これまで、個人所有の端末を仕事に活用する(BYOD)ための前段階として、以下のセキュリティ対策を紹介してきました。
- 端末のロック画面をパターン入力で解除する
- 端末紛失の場合に備えて、Cerberus for Androidの導入検討
ロック画面をパターン入力で解除するほうはOSに搭載されている機能なので、誰でも簡単に実践可能なはずです。Cerberus for Androidは、2.99ユーロの有償アプリです。日本円に換算すると、300円程度で私費でも導入しやすいはずなので検討してください。
さて、これまでの備え以外にも、インストール済みのアプリやこれからインストールするアプリに潜むリスクに対しても備えたいので、今回はその対策方法を紹介します。同じ話題が続いているので、そろそろ活用編に入りたいところですが、もうしばらくお付き合いください。
すでにリスクを抱えている可能性もある
ご存知のとおり、Androidケータイは自由にアプリを配布してインストールすることができる、オープンプラットフォームです。オープンプラットフォームでは、ユーザにさまざまな権限が与えられている反面、あらゆる面で自己管理が必要になってきます。その最たる例がセキュリティ周りの管理です。
アプリに潜むリスクも自己管理が必要になります。リスクに備えるためには、アプリが端末のどの機能・どのデータにアクセスしているのか、それは、自分にとって利益なのか、不利益なのかを把握し管理する必要があります。
たとえば、Playストアからアプリをインストールするときに、アプリがアクセスする権限が表示されます。じっくり確認せずにインストールしてしまう方が多いかもしれませんが、これは、ユーザーに確認を求めて問題だと感じるのであれば、インストールを止めなさいとの意味が含まれています。とは言われても、正しい判断を下すためには、知識が必要になりますし、Playストアの表示だけではわかりづらいです。
やさしく表示して把握しやすくする
これをやさしく説明しているのが「tSpyChecker」で、アプリが使っている機能やアクセスしているデータを調べて、その結果を把握し易いように一覧表示してくれます。これで、抱えているリスクが把握しやすくなります。

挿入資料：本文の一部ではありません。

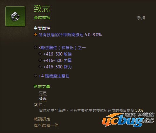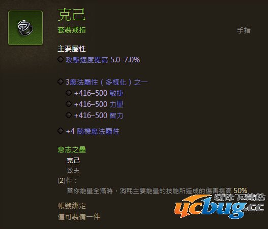 与这对套戒相反的例子我们则可以说说无尽行旅套装。虽然它们有一点点区别,那就是无尽行旅套装是戒指与护身符的组合。这对套装的属性相对简单,护身符中规中矩,戒指是特别的五属性,特效则是体能与50%暴击伤害。无尽行旅套装的整体能力可以给玩家带来很不错的火力提升,尤其是对猎魔人玩家而言。多一条攻速词缀,又不会损失暴击和爆伤。只会占用一个戒指位。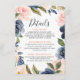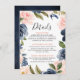 Belle carte de détails mariage boho fleurie dispose d'aquarelle peinte à la main graphismes floraux / roses dans les tons riches de bleu marine et rose rousse / pêche et charmante lettrage à la main police. Veuillez me contacter pour toute aide sur la personnalisation ou si vous avez besoin d'un autre produit avec ce design.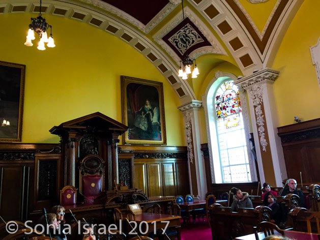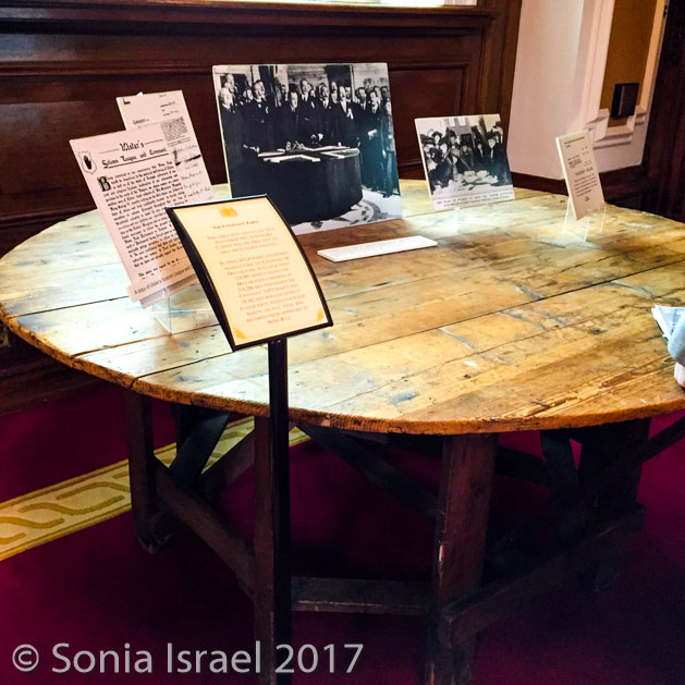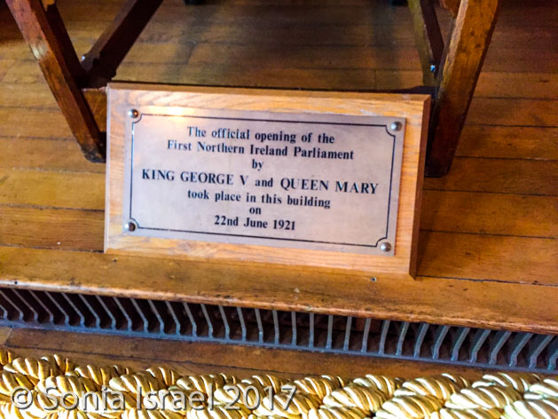 I had to give it back and then we went into the hall where the ministers meet and got to sit in the Prime Ministers Chair for a picture. There was a glass cabinet with gifts from around the world that included a menorah and a silver covered Tanach (small book with the words of Torah in it). And there was the very table used for the signing of the Ulster Covenant, also known as Ulster’s Solemn League and Covenant in 1912, in protest of the Third Home Rule Bill which tried to unite Ireland under British home rule. It was signed by just under half a million men and women. Half a million!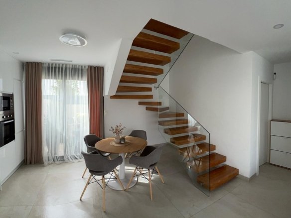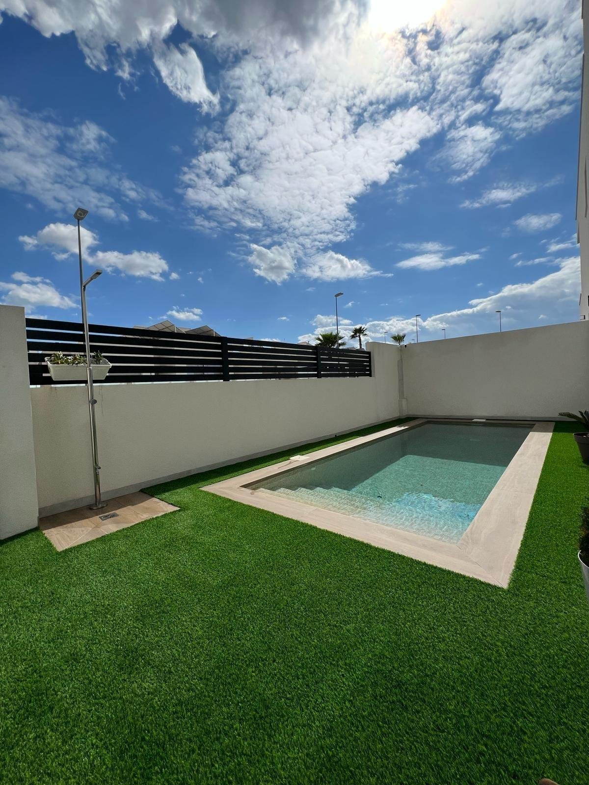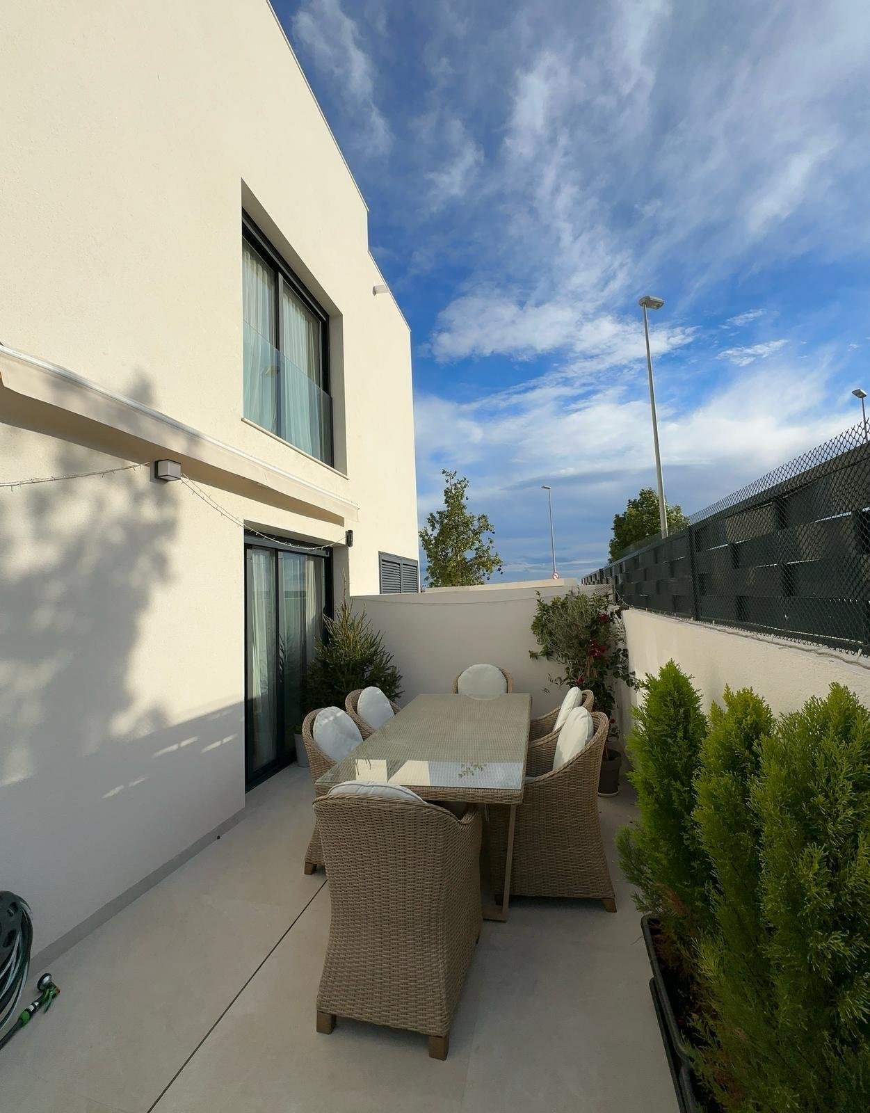We present this wonderful two-storey semi-detached house located in Benijófar. It was built in 2024, fully equipped with furniture and all the necessary appliances. Spacious rooms, a cozy patio with pool and terrace, as well as a convenient location make it an excellent choice for those who value comfort and quality. About the house: • 110 m² total floor area • Plot of 150 m² – there is a parking space, barbecue area and a small garden. • 2 bedrooms with fitted wardrobes • 2 bathrooms, one of them with shower. • Kitchen-dining room combined with living room, with panoramic view of the pool. • Terrace with garden furniture and retractable awning. • Exit to the solarium on the second floor. Location: The house is located in a quiet area, but everything you need is nearby: shops, pharmacies, restaurants, banks, everything is within walking distance. The beaches of Guardamar del Segura and La Mata are only a 15-minute drive away. There is also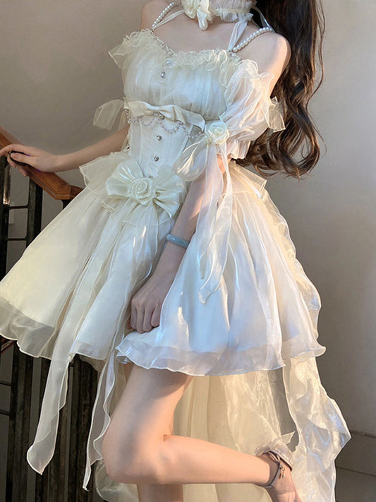 Vintage High Low Off The Shoulder Short Sleeves 16th White Birthday Dress Lolita Dress Birthday Outfits DP0221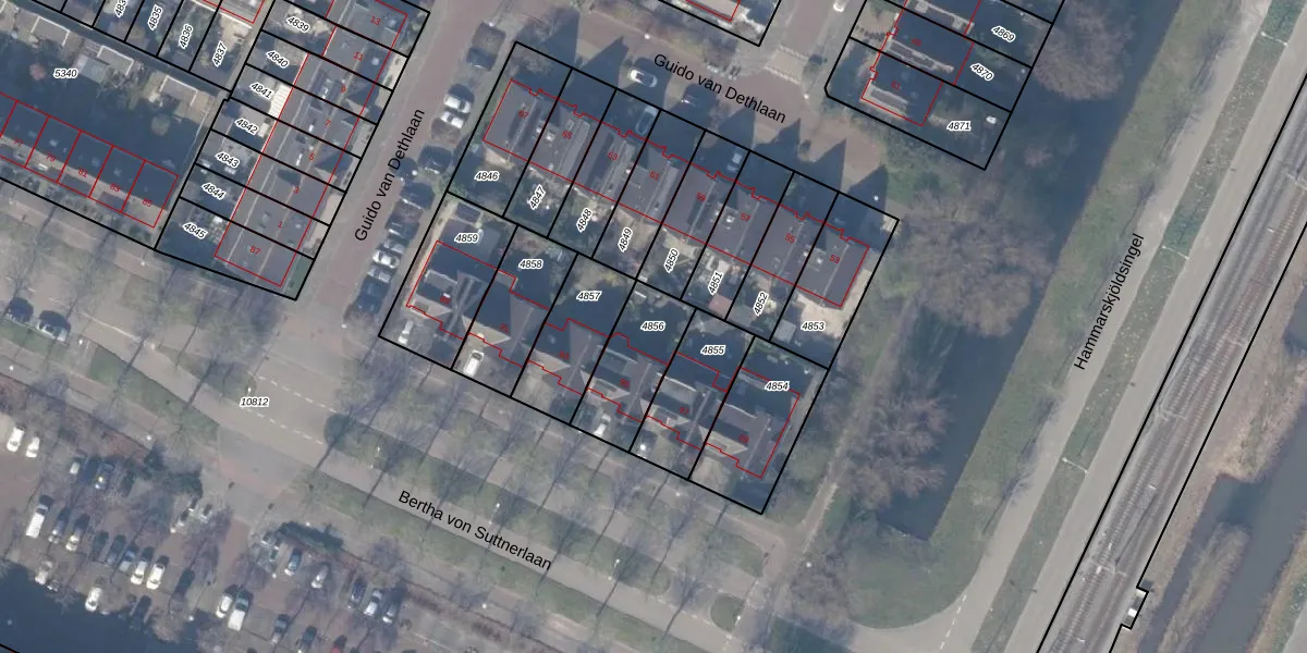 Gebruik de zoekbalk of klik op een perceel om informatie over het perceel te bekijken.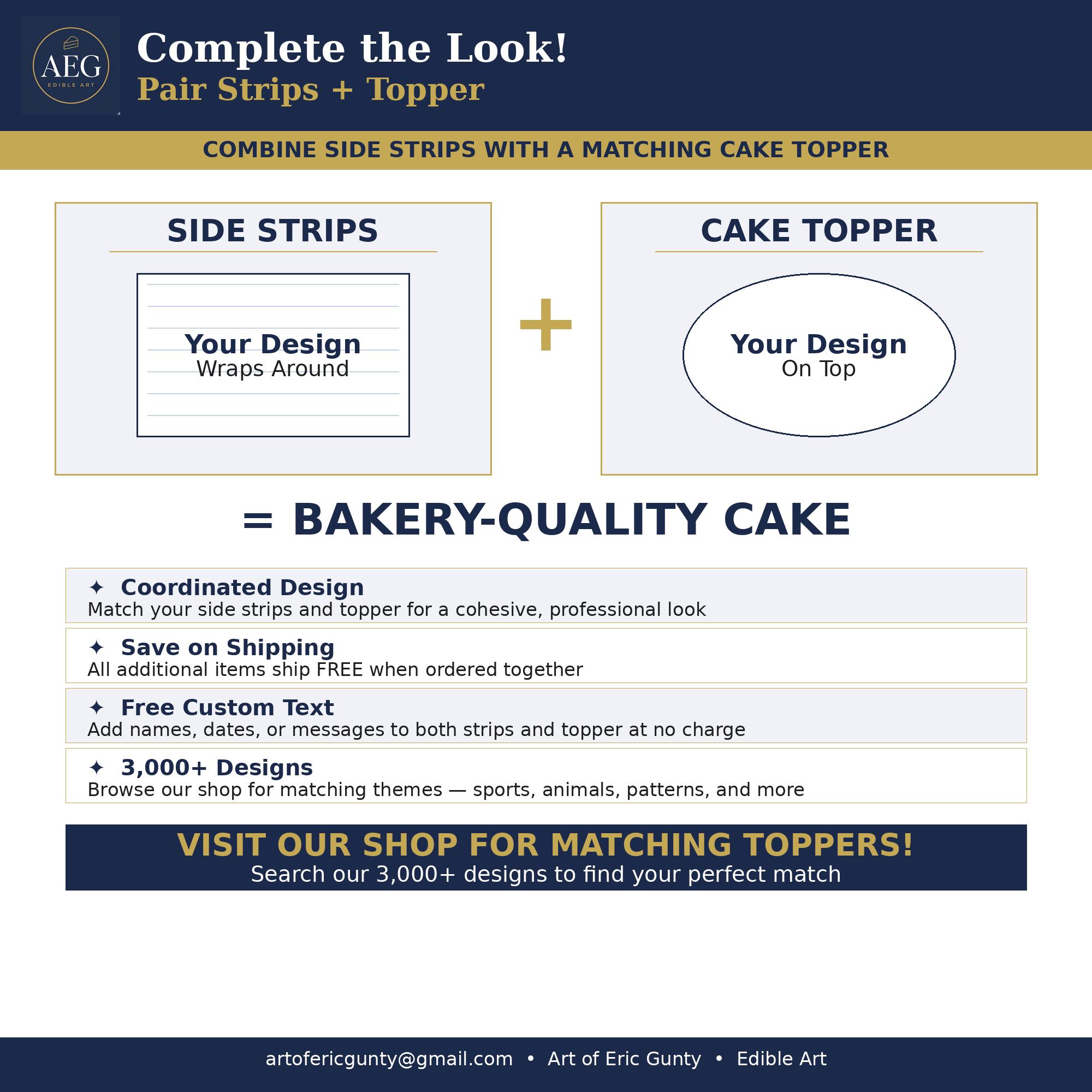 Combine our edible side strips with a matching edible cake topper for a complete, coordinated design. Save on shipping by ordering both at the same time — all additional items ship free!

たとえば、一覧表示されるアプリの中には、電話帳にアクセスするアプリもあるはずです。こうしたアプリがすべて危険なアプリというワケではなく、そのアプリが悪意を持って開発されてなければ、安全なアプリということになります。よって、アプリが提供する機能とアクセスしている権限を比較して、納得のいかない場合は利用を止めるか、その評判を調べてみるなど自衛策を取る必要があります。
tSpyCheckerのインストールと初期設定
いつものように、Playストアアプリを起動して、「tspy」をキーワードに検索を行います。
検索結果の先頭に、四つ葉のクローバーのアイコンで「tSpyChecker」と書かれたアプリが表示されているはずなので、これをクリックしてインストールします。tSpyCheckerもセキュリティ関連のアプリですが、特別な手順でインストールする必要はなく、いつもの通りの操作でインストールが終了します。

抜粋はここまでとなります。